After picking up the elderly patient and delivering him to Royal Prince Alfred Hospital, it's one-patient-down for Mr Roser and Mr Garne.

"People like that you can do something for. You can rehydrate them, get their fluids up, address the cardiac side of things," Mr Garne says.

"The big traumas, there's nothing you can really do in an ambulance. You're patchwork until you get them [to theatre]."

But, he says, it is always the "higher acuity" cases [complex emergency cases] that stick with him.

"I remember we had a guy on ice, that jumped off the 18th floor [of a building]," he says. "When we got there he was actually trying to fight the police off. But he had bilateral compound fractured femurs, his lungs decompressed and half his face had been knocked off."

It's around 1am and the patient from Leichhardt has been handed over to staff at RPA.
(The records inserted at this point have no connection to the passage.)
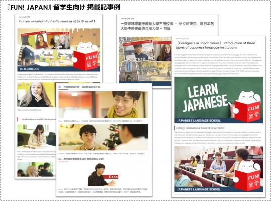 弊社がアジア7か国向けに運営するメディア『FUN! JAPAN』(https://www.fun-japan.jp/)では、日本での魅力的な留学生活を知ってもらい留学前の不安を払拭するため、留学希望生向けに様々な情報配信を行っており、読者から大きな反響を得ています。留学生向けブランディング・プロモーションをお考えの方は、是非お気軽にご相談ください。
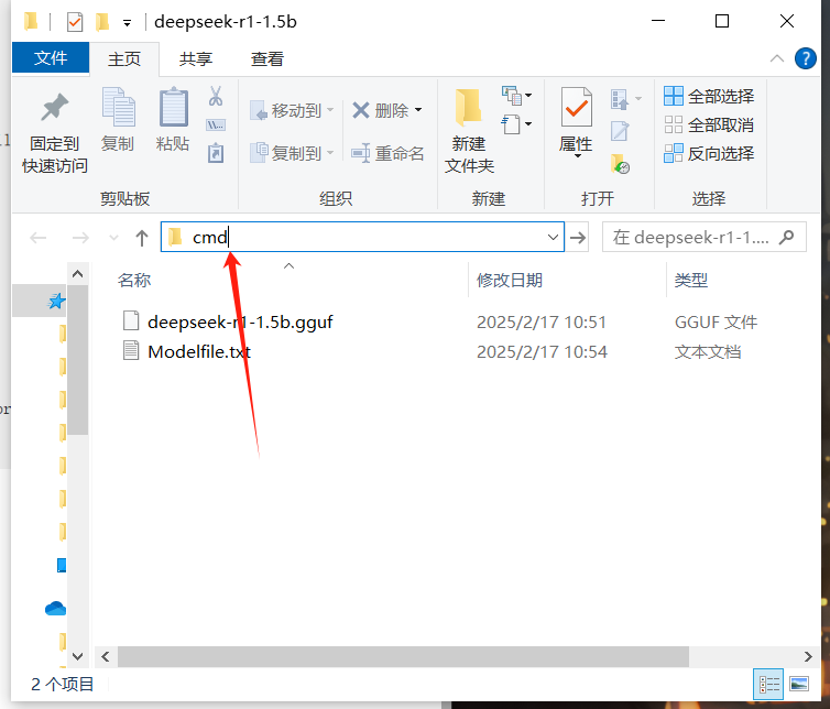 从百度网盘下载Deepseek R1 1.5b模型的压缩包(deepseek-r1-1.5b.rar),解压后进入解压后的文件夹,并在解压后的文件夹键入cmd
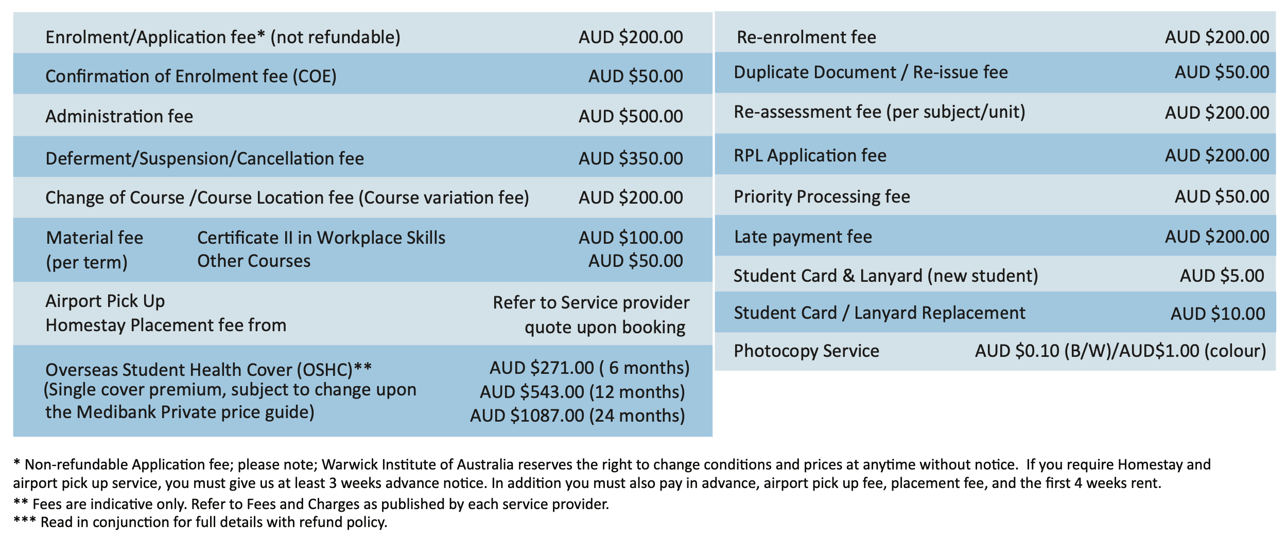 Warwick Institute of Australia is not responsible for any tuition fee paid to a third party’s bank account. All payments must be made to an authorised education agent or directly to our bank account.
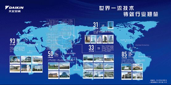 作为一家拥有近百年历史的世界品牌500强企业,大金通过不断组建研发中心、投资建造生产基地进行全球布局,秉承“从全球角度去思考和行动”,开展全球化企业合作并购战略,从而巩固企业专项技术优势、区域市场优势。
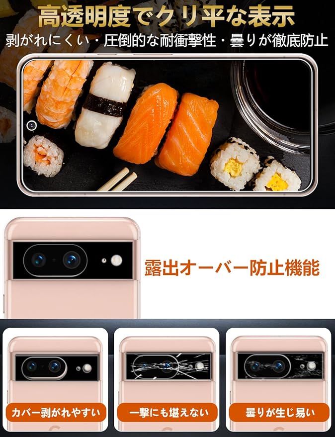 【超安全性・飛散防止】この グーグルピクセル8 液晶保護ガラスは業界最高レベルの硬さ9H+を使っており、4.5時間以上の高温処理加工しておりますので、ガラスフィルムは通常のガラスの硬さの5倍に達しました。かぎやナイフなどの鋭いものに触れても傷しにくいです。更にガラスの表面に防爆PET層を増やして、衝撃されても割れたら飛散しなく、ユーザー様の身の安全を守ります。あなたの大切な携帯電話のカメラ画面を衝撃や傷から守る。
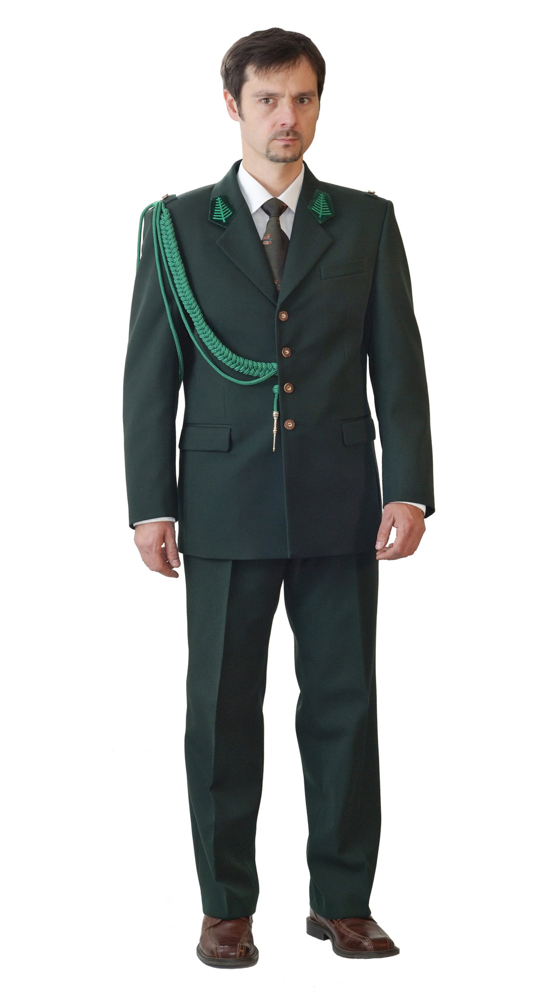 Marynarka klasyczna z boczkami, ze szwem po środku tyłu. W przodach wykonane są zaszewki dopasowujące do sylwetki. Rękawy gładkie dwuczęściowe, zakończone krytym rozporkiem z guzikiem. Ramiona marynarki opływowe, wyrównane (podwyższone) małymi wkładami. Na ramionach marynarki przyszyte są patki. Na patce przyszyty jest z wierzchu mały guzik (imitacja rogu), od spodu (tylko na prawym ramieniu) mały guzik do przypięcia sznura galowego.
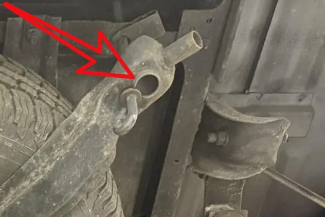 Cette histoire de roue de secours a pourri ma journée Resultat des recherches : pas besoin du trou "imprudent" pour descendre la roue. Manuel du conducteur : Photo d’un F-150 de 1992, trouvée au hasard du net : La roue de secours est tenue uniquement par l’anneau au bout de la flèche. Le trou "imprudent" est probablement du à un pare-choc after-market compatible avec plusieurs modèles.
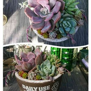 カットした✂️デビーとマーガレットレッピンを寄せ植えに( ˶ˆ꒳ˆ˵ ) デビーの葉挿しもたくさん控え中なんだ♫ ブロウメアナもスカスカだったのが、だいぶ増えてきた୧⃛(๑⃙⃘⁼̴̀꒳⁼̴́๑⃙⃘)୨⃛冬に茎が茶色になってダメかなって思ったけれど春からの回復力がすごかった〜👏🏻❣️
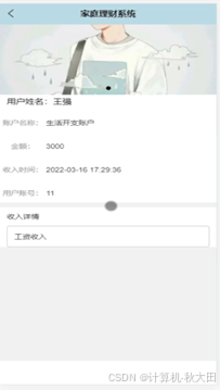 账户收入,在账户收入页面可以查看账户名称、金额、收入时间、用户账号、用户姓名、头像、收入详情等详细内容,如图5-8所示。

At this point the pair have 15 minutes to ensure the ambulance cabin has been fully sanitised and restocked, ready for the next patient.

"My record is three minutes, 32 [seconds]," Mr Roser says, adding that it's often easier to hose out the cabin in particularly messy cases.

Highs and lows

After nearly 10 years in the job, Mr Roser says the best and worst jobs involve babies.

"I've delivered four babies and that is so great ... but I went to an 11-day-old cardiac arrest not so long ago, that was horrible," he recalls.

"Mum fell asleep while breastfeeding and accidentally suffocated the baby. It was really quite surreal."

Mr Roser still remembers the mother grabbing him, saying, "I've killed my baby, haven't I?"

"How do you answer that? It's not the way things are supposed to go."

It's a little after 1.30am and the crew is arriving at a two-storey home in Bellevue Hill where an 82-year-old male has woken up with slurred speech. He is a diabetic and has a history of stroke.

12:37pm. NSW Ambulance Paramedics arrive at a home in Bellevue Hill to treat an 82yo diabetic male with stroke like symptoms, low blood sugars and a drooping right side of the face. He was stabilised and transported to St Vincent?s Hospital. 9th Feburary 2018, Photo: Wolter Peeters, The Sydney Morning Herald.

Paramedics arrive at a Bellevue Hill home to treat a 82-year-old diabetic male with a history of stroke. Photo: Wolter Peeters

The call-out is typical for this time of night, and after an abnormality appears on his electrocardiology reading, the crew decides to take him to St Vincent's Hospital.

En route, Acting Superintendent Anson, who is still with the team, hears a troubling call on the radio.

"Methadone overdose in Glebe. Patient is an eight-year-old girl."

It is 2.22am.

11:38pm. NSW Ambulance Paramedic Eugene Roser cleans the trolley after transporting a 70 yo male from Leichhardt to RPA Hospital. 9th Feburary 2018, Photo: Wolter Peeters, The Sydney Morning Herald.

NSW Ambulance paramedic Eugene Roser cleans a trolley. Photo: Wolter Peeters

As he heads towards the reported emergency, a clarification comes through from another ambulance that has already arrived.

"Looks like a custody issue. Police are here. This is not a job for us."

False reports and non-emergency calls are common for triple-0 operators, who answer a call for help on average every 28 seconds, with only 10 per cent concerning life-threatening conditions.

"I've been called twice to mosquito bites," Mr Garne says.

Back at Vinnies it has just passed 3.15am and the unconscious 49-year-old man from the pokies lounge is still down. His heart has not started in over half an hour. Sadly it won't start again.

Doctors call his time of death just after 5am.

2:14am. NSW Ambulance Paramedics and Police officers perform CPR on a 40yo male who collapsed with a cardiac arrest at Easts Leagues Club. He was then transported to St Vincents Hospital. 9th Feburary 2018, Photo: Wolter Peeters, The Sydney Morning Herald.

The 49-year-old patient who collapsed at Bondi Junction died. Photo: Wolter Peeters

By now all is quiet at the Eveleigh ambulance station, where Mr Roser and Mr Garne have returned with fellow shift mates to wait out the two remaining hours of their shift.

Around the station, weary bodies drape themselves over couches and futons on the floor.

In these quiet periods, when the city is mostly sleeping, they are encouraged to "recline" and rest their own eyes, before Sydney wakes up and the calls start once again.